Re: eliminating sequential bottlenecks for huge commit and merge ops

Posted by Greg Stein <gs...@gmail.com>.
On Jan 4, 2012 1:34 PM, "Joe Schaefer" <jo...@yahoo.com> wrote:
>
> As Daniel mentioned to me on irc, subversion doesn't use threading
> internally, so things like client side commit processing and merge
> operations are done one file at at time IIUC.
>
> Over in the openoffice podling we have a use-case for a 9GB working copy
> that regularly sees churn on each file in the tree.  commit and merge
> operations for such changes take upwards of 20min, and I'm wondering
> if there's anything we could do here to reduce that processing time
> by 2x or better by threading the per-dir processing somehow.
>
> Thoughts?

We've always taken the position that the amount of effort or size of
delta/data is proportional to the size of the change.
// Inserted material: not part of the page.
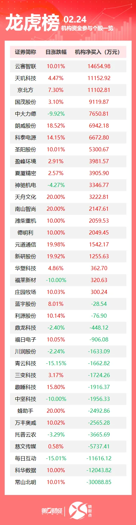 美股涨跌不一周一,美股涨跌互现,投资者等候芯片巨头英伟达的业绩,并观察特朗普最新关税主张的影响。 停止收盘,道指涨33.19点,涨幅0.08%,报43461.21点,纳指跌1.21%,报19286.92点,回吐年内全部涨幅,标普500指数跌0.50%,报5983.25点。 半导体、硬件板块跌幅居前,纳微半导体跌超8%,博通跌4.9%,英伟达跌3.1%,美光科技跌超3%,高通、AMD、英特尔跌超2%;保险、有色金属、贵金属板块走高。 大型科技股多数下跌。特斯拉、Meta跌超2%,亚马逊、微软跌超1%,苹果微涨;伯克希尔哈撒韦B类股收涨4.2%,创11月以来最佳单日表现。 其他个股方面,伯克希尔大涨超4%,耐克涨4.9%,星巴克涨1.3%。 中概股普跌,纳斯达克中国金龙指数跌5.24%。老虎证券跌超13%,阿里巴巴、哔哩哔哩跌逾10%,富途控股跌逾9%,拼多多跌近9%,京东、新东方跌超7%,爱奇艺跌近7%,网易、理想汽车跌超4%,百度跌近4%。 周一,中长期美债收益率继承承压,与利率预期关联密切的2年期美债跌2.6个基点至4.166%,基准10年期国债收益率跌2.8个基点至4.390%,革新年内低位。 数据方面,个人斲丧付出指数PCE(美联储首选的通胀指标)将于周五公布,这大概有助于市场判定美联储今年初次降息的机遇。联邦基金利率期货显示,美联储将在今年3月、乃至上半年保持利率不变。 财报也将成为焦点,家得宝和劳氏将分别于本地时间周二和周三发布的红利报告将让投资者更好地相识美国斲丧者的状况,英伟达于本地时间周三晚上的红利报告更具影响力。 国际油价小幅走高,WTI原油近月合约,布伦特原油近月合约涨0.47%,报74.78美元/桶。 国际金价再创新高,纽约商品交易所2月交割的COMEX黄金期货涨0.35%,报2947.30美元/盎司。 本日精选 中美俄均投下同意票!团结国安剖析通过涉乌决定 2025年2月24日是俄乌辩说发作三周年的日子。本地时间2月24日,团结国安剖析对美国提出的关于乌克兰标题的决定草案进行表决。表决中,中国、美国与俄罗斯在内的10个国家投同意票,5票弃权,决定获得通过。据相识,美国在安剖析提出的决定与早些时候在联大提出的决定草案同等,即呼吁灵敏竣事辩说,并进一步敦促乌克兰和俄罗斯之间实现长期平静。 2月24日,立陶宛、拉脱维亚、爱沙尼亚、西班牙、芬兰、丹麦、冰岛、挪威、瑞典、加拿大等国向导人及欧盟向导人连续抵达乌克兰都城基辅。据乌克兰总统泽连斯基2月23日在记者会上说,37国向导人将到场在基辅举行的“乌克兰-北欧-波罗的海平台”峰会,此中13国向导人到场,24国向导人线上到场。他届时将发起欧洲搭档尽快就乌克兰安全保障标题召开单独集会。 国家知识产权局:多方恶意抢注DeepSeek商标被驳回 2月24日,国家知识产权局发布关于依法驳回抢注“DEEPSEEK”等相干商标注册申请的告示。告示指出,近期,杭州深度求索人工智能根本技能研究有限公司研发的DeepSeek人工智能大模子在全球范围内引发了广泛关注。个别企业和天然人以社会公众广泛知悉的人工智能大模子名称“DeepSeek”或其Logo图形,向国家知识产权局商标局提交了商标注册申请,个别署理机构涉嫌提供非法服务,具有显着“蹭热门”、谋取不当长处的意图。 财经要闻 2月24日下战书,国家主席习近平应约同俄罗斯总统普京通电话。普京先容了俄美打仗最新情况和俄方在乌克兰危急标题上的原则立场,表示俄方致力于消除俄乌辩说根源,达成可持续和长久的平静方案。习近平夸大,乌克兰危急全面升级之初,我就提出办理危急的“四个应该”等根本主张。客岁9月,中国同巴西一道,会同部门全球南边国家创建乌克兰危急“平静之友”小组,为推动危急政治办理营造氛围、积聚条件。中方乐见俄罗斯及有关各方为化抒难机作出积极积极。 2月24日,交际部发言人林剑主持例行记者会。有记者提问,为促进乌克兰平静作出积极贡献,中方是否有新的操持或倡议?林剑表示,中方在乌克兰危急标题上的立场是一向的明白的,危急全面升级以来,中方不停同有关各方保持沟通,致力于为止战凝结共识,为和谈铺路搭桥。中方将始终刚强站在平静一边,秉持客观公正立场,继承同国际社会一道,为推动危急政治办理发挥创建性作用。 2月24日,交际部发言人林剑主持例行记者会。有记者提问,美方发布有关投资政策的备忘录,加严对中国赴美投资的安全审查。中方对此有何品评?林剑表示,中方对此猛烈不满,坚决反对,已向美方提出严正会商。美国加严对中国赴美投资的安全审查,严重打击中国企业对美的投资信心,粉碎的是美国本身的营商情况,加码限定美国对华投资,是人为干预美国企业的自主决定,扭曲两国的投资往来。美国将中国企业和中国市场拒之门外,最终侵害的是美国自身的经济长处和国际信誉。中方敦促美方服从国际投资商业规则,恭敬市场经济规律,停止将经贸标题政治化、武器化,停止侵害中国的正当发展权利。中方将采取须要本领,坚决维护自身的正当权益。 农业农村部克日印发《落实中共中心国务院关于进一步深化农村改革踏实推进墟落全面振兴工作摆设的实验意见》,摆设8方面40项具体工作办法,费尽心机促进农业增效益、农村增活力、农夫增收入,踏实推进农业农村高质量发展。 2月24日,证监会主席吴清在《新型工业化》发布题为《充实发挥资源市场功能 更好服务新型工业化》的文章,此中提出,要充实发挥数据要素的赋能作用,推进数字经济与实体经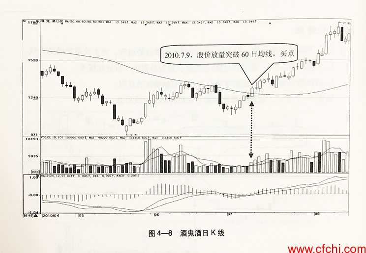 如图4-8所示,在经过底部不断的震荡蓄势之后,2010年7月9日,酒鬼酒(0799)向上放量突破60日均线,发出看涨信号,表明上涨确实已经基本形成。投资者要注意把握这个买点。

If you change all of
a 9Gb working copy, then you should expect svn to take a good chunk of time
and space.

IOW, stop doing that :-)

That said, even if we were desirous of "fixing" this(*), we would have a
hard time doing it using threads. The Subversion client is pretty solidly
single-threaded. We take no precautions for operation in a multi-threaded
app.

Cheers,
-g

(*) I'd be interested in what they are doing. Is this a use case we might
see elsewhere? Or is this something silly they are doing, that would not be
seen elsewhere?